● **EXERCISE REQUIREMENTS**:
Please output only the lines that begin at the line with "Гость фестиваля Томас" and run through the end of the entries below, exactly as written. Drop all pictures.

● **RECORDS PROVIDED**:
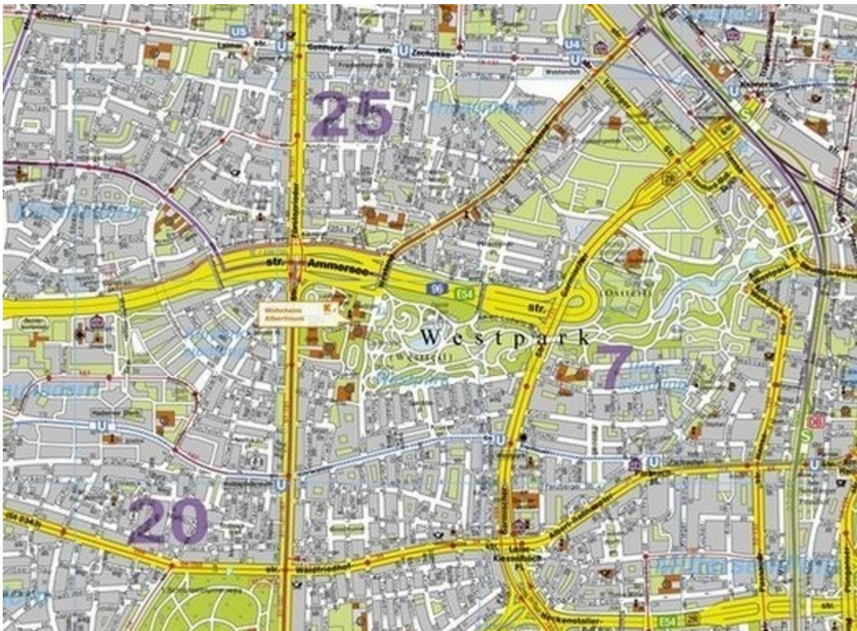
Abbildung 1: Umgebungsplan Wohnanlage Albertinum

In der Nähe der Anlage gibt es gute Einkaufsmöglichkeiten und Restaurants. Der Westpark, der direkt neben der Wohnanlage beginnt, lädt zu Erholung und Freizeitgestaltung im Grünen ein (Veranstaltungen auf der Seebühne, Biergarten, Open Air Kino im Sommer).
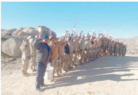
Entre hoy y mañana se espera la conclusión de los trabajos

“Con un avance del 80%, calculamos terminar el lunes; el mantenimiento y revitalización del escudo nacional instituido en
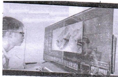
Use of Television as a Computer Monitor
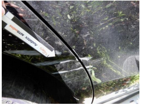
ML 350 (99)
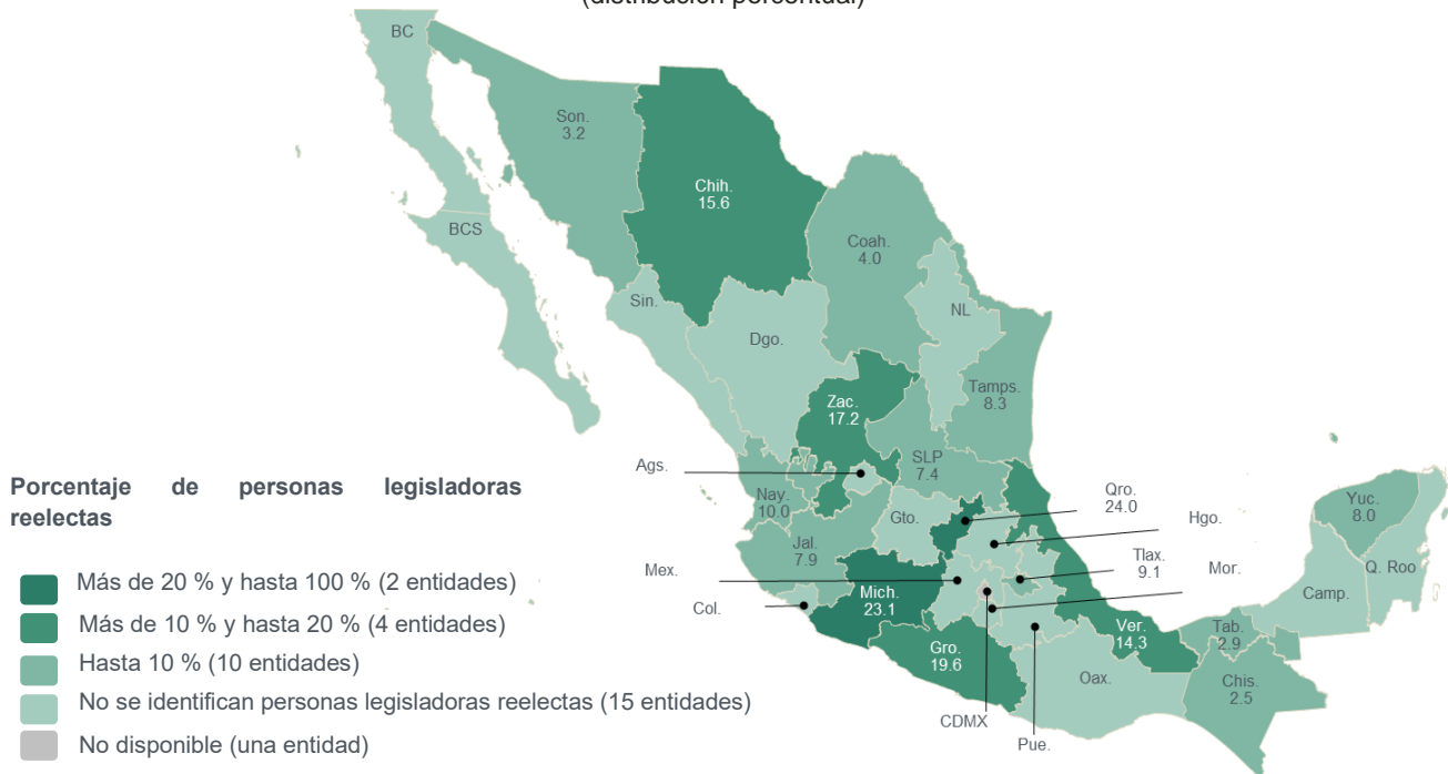
Mapa 1 Personas legisladoras reelectas en los congresos estatales (distribución porcentual)

Nota: El porcentaje se calculó con base en el número de personas legisladoras en activo de cada entidad federativa.
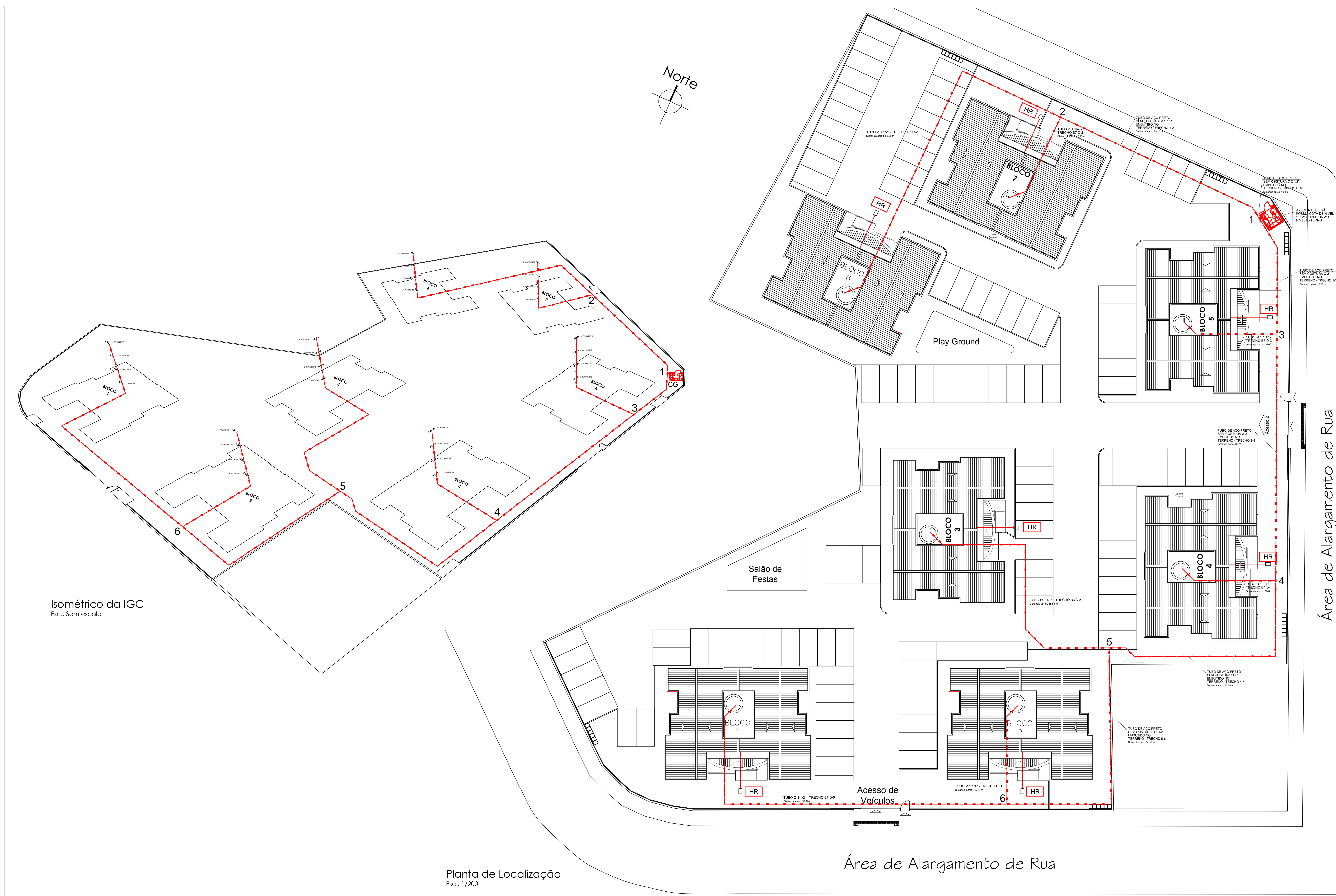
Isométrico da IGC Esc.: Sem escala
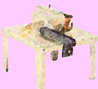
丸のこベンチスタンド
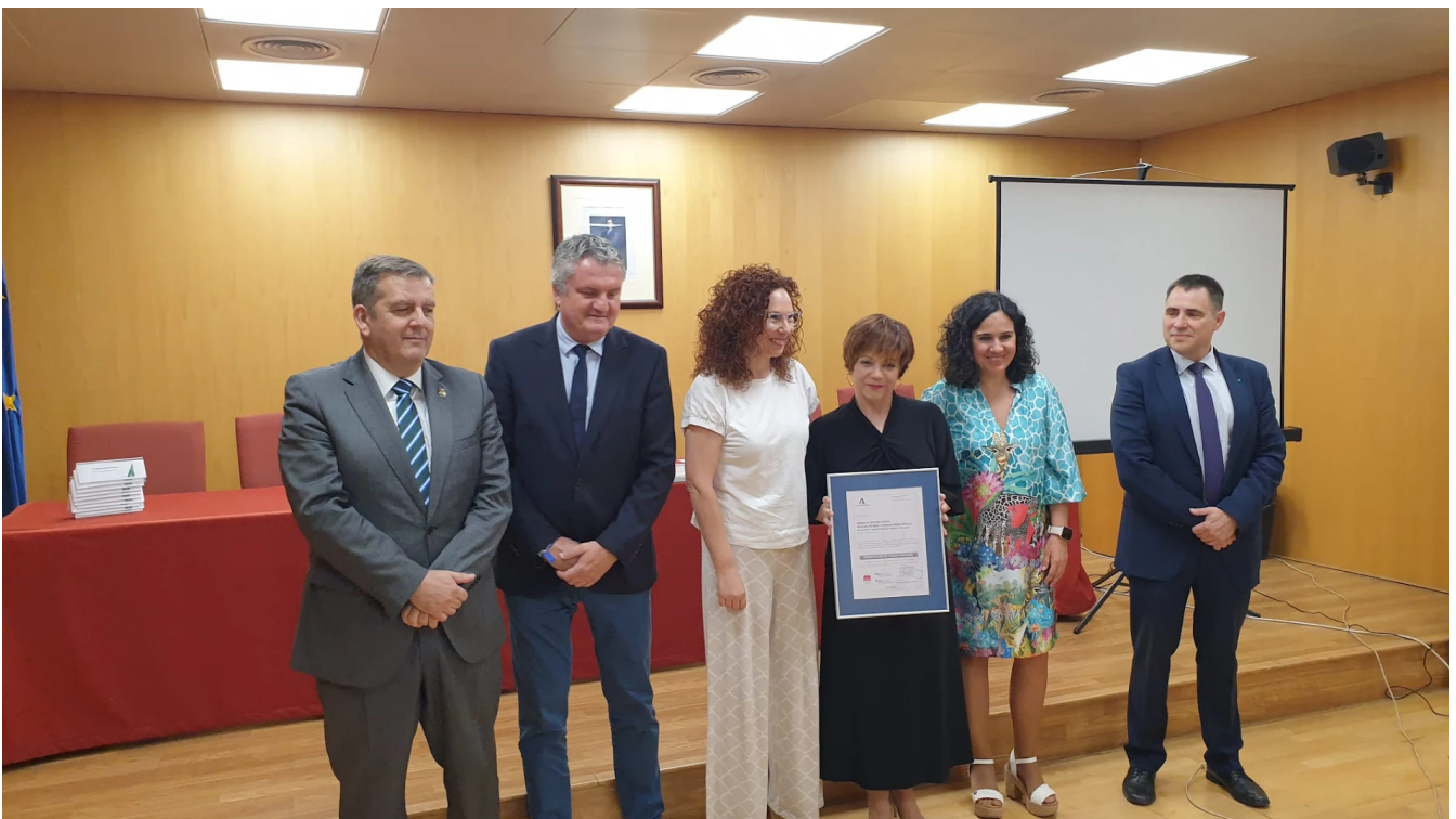
El Hospital de Poniente ha recibido una nueva certificación de calidad. LA VOZ

Recibe el distintivo de Nivel Avanzado de la ACSA
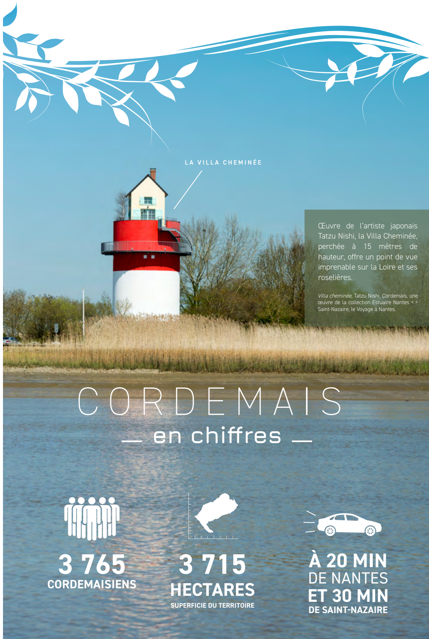
LA VILLA CHEMINÉE

Œuvre de l'artiste japonais Tatzu Nishi, la Villa Cheminée, perchée à 15 mètres de hauteur, offre un point de vue imprenable sur la Loire et ses roselières.
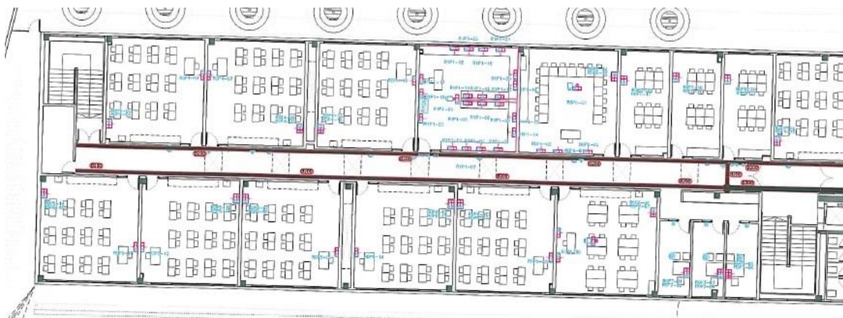
Planta primera esquerra
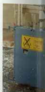
Die kompakte Grundeinheit für Senkrechteinsatz – besteht aus:
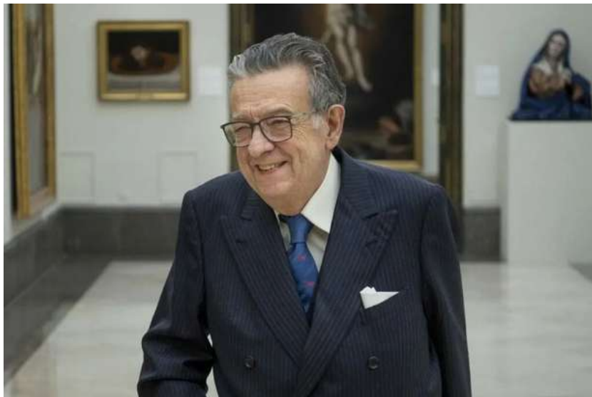
Miguel Herrero de Miñón. | Víctor Ubiña

R.- Bueno, la situación actual es disparatada, pero no es catastrófica. Es disparatada, porque se hacen disparates y se anuncian. No se hacen, se anuncian.
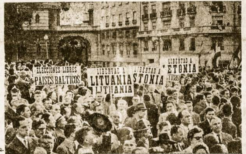
Lietuvių Jaunimas Buenos Aires demonstracijoje prieš okupantus

Pereitais metais Š. Amerikos laikraščių pajamos pasiekė rekordinį skaičių: 7050 milijonų dolerių, iš kurių 4850 milij. užskelbimus ir 2.200 milij. už paroduotus egzempliorius.
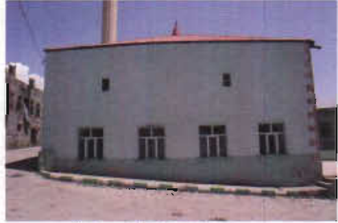
Resim 4: Batı Cephe
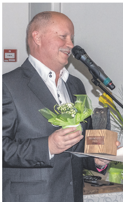
Haridustegu 2019 - Varri Väli. Ühe Päeva Ülikool
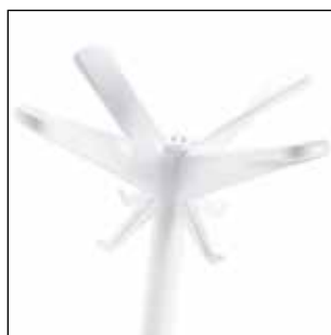
1486-B Bianco lucido
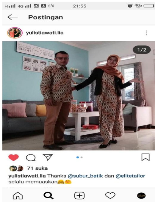
Gambar 5 Konsumen yang puas terhadap produk Subur Batik

Dibawah ini, merupakan data dari hasil penjualan setelah marketing subur batik menggunakan media sosial instagram sebagai strategi pemasaran untuk memasarkan batik:
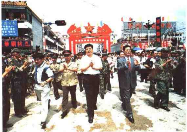
▼广东省委副书记、深圳市委书记张高丽（前右二），深圳市委副书记、市长李子彬（前右三），迎接抗洪勇士凯旋归来。
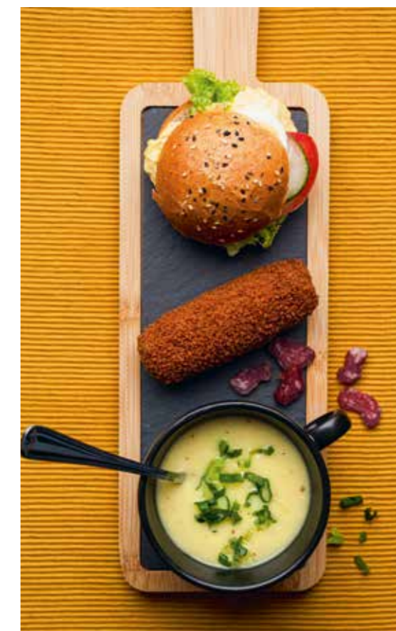
▲ Een twaalf-uurtje biedt alles in één.

De specifieke mogelijkheden en arrangementen zijn te vinden op onze website.
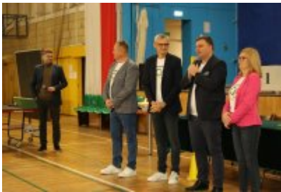
III Czeladzka Olimpiada Seniorów
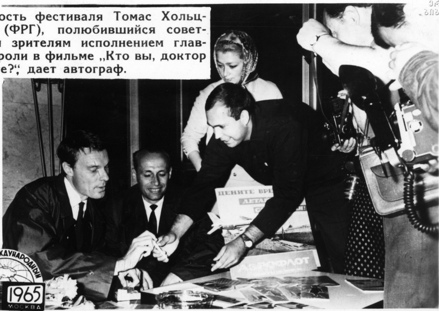
Гость фестиваля Томас Хольцман (ФРГ), полюбившийся советским зрителям исполнением главной роли в фильме „Кто вы, доктор Зорге?“, дает автограф.
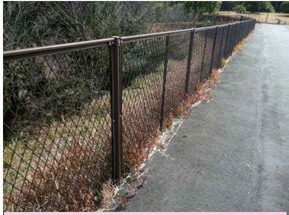
農園周囲に設置された鳥獣害防止柵
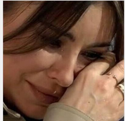
Хотіла всидіти на двох стільцях, а тепер не потрібна ..
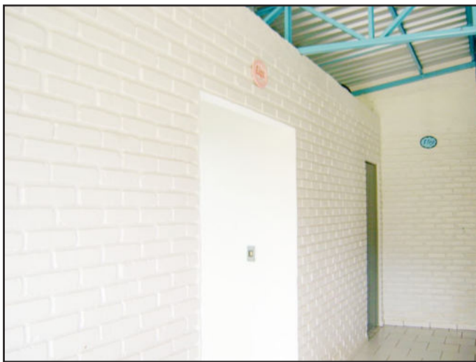
Banheiros também fazem parte das melhorias
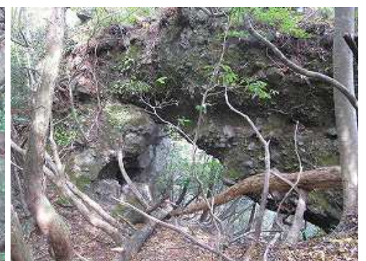
洞岩を見る。尾根筋西側の獣道を辿る
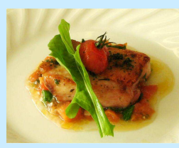
にんにくとハーブが香る桜姫鳥のロースト トマトとルッコラのマリネソース
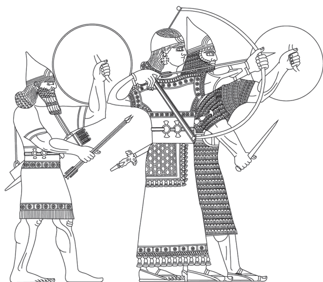
4. kép. Asszír eunuch előkelő (Dezső 2012a, 324, 125. kép nyomán)

Az eunuchok különben nem voltak túlságosan sokan, nem alkottak önálló katonai egységeket, csupán a vezető udvari és katonai beosztásokban találhatjuk meg őket.
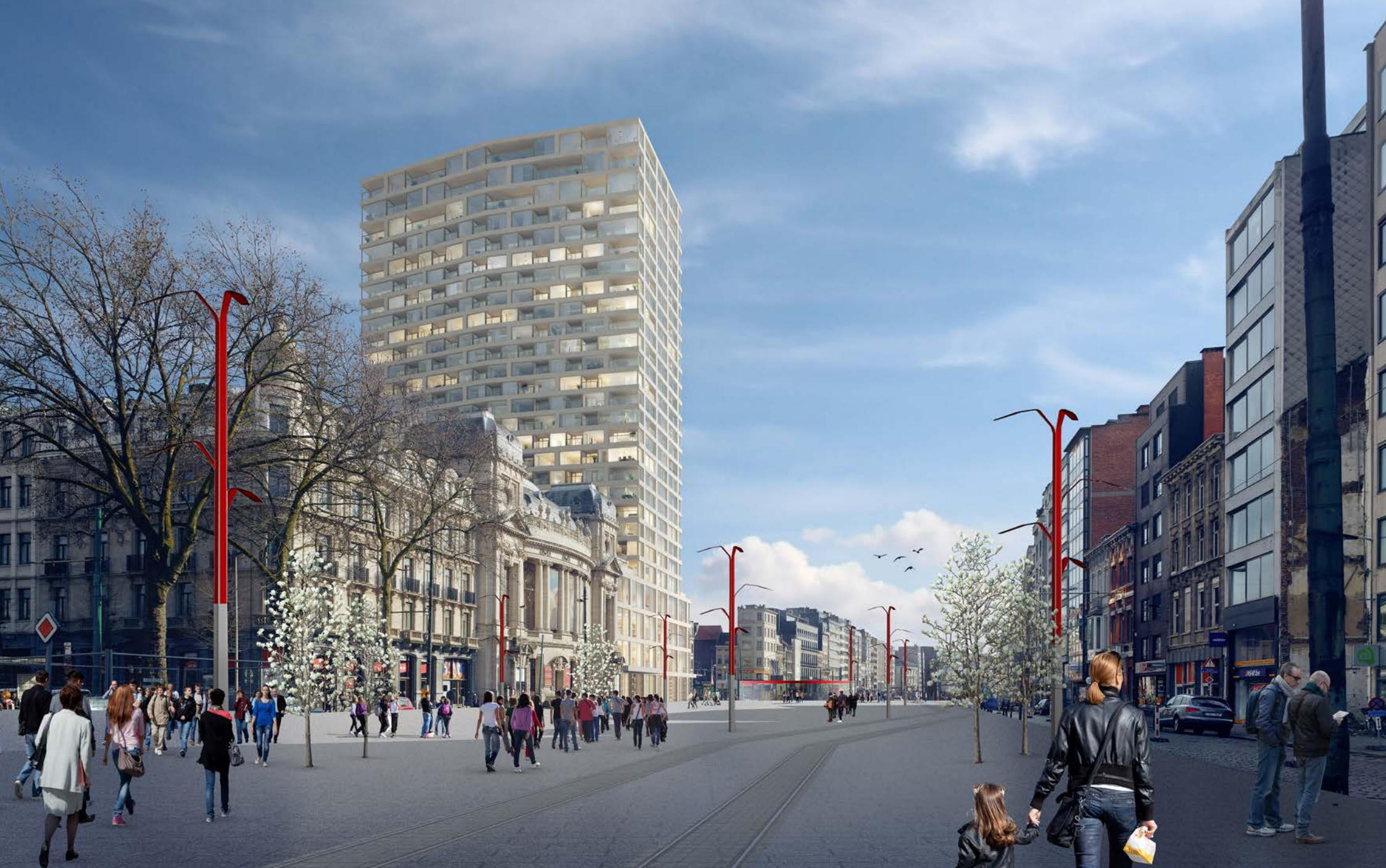
ANTWERPEN ANTWERP TOWER

● **RESULT FOR THIS TASK**:
Гость фестиваля Томас Хольцман (ФРГ), полюбившийся советским зрителям исполнением главной роли в фильме „Кто вы, доктор Зорге?“, дает автограф.
農園周囲に設置された鳥獣害防止柵
Хотіла всидіти на двох стільцях, а тепер не потрібна ..
Banheiros também fazem parte das melhorias
洞岩を見る。尾根筋西側の獣道を辿る
にんにくとハーブが香る桜姫鳥のロースト トマトとルッコラのマリネソース
4. kép. Asszír eunuch előkelő (Dezső 2012a, 324, 125. kép nyomán)

Az eunuchok különben nem voltak túlságosan sokan, nem alkottak önálló katonai egységeket, csupán a vezető udvari és katonai beosztásokban találhatjuk meg őket.
ANTWERPEN ANTWERP TOWER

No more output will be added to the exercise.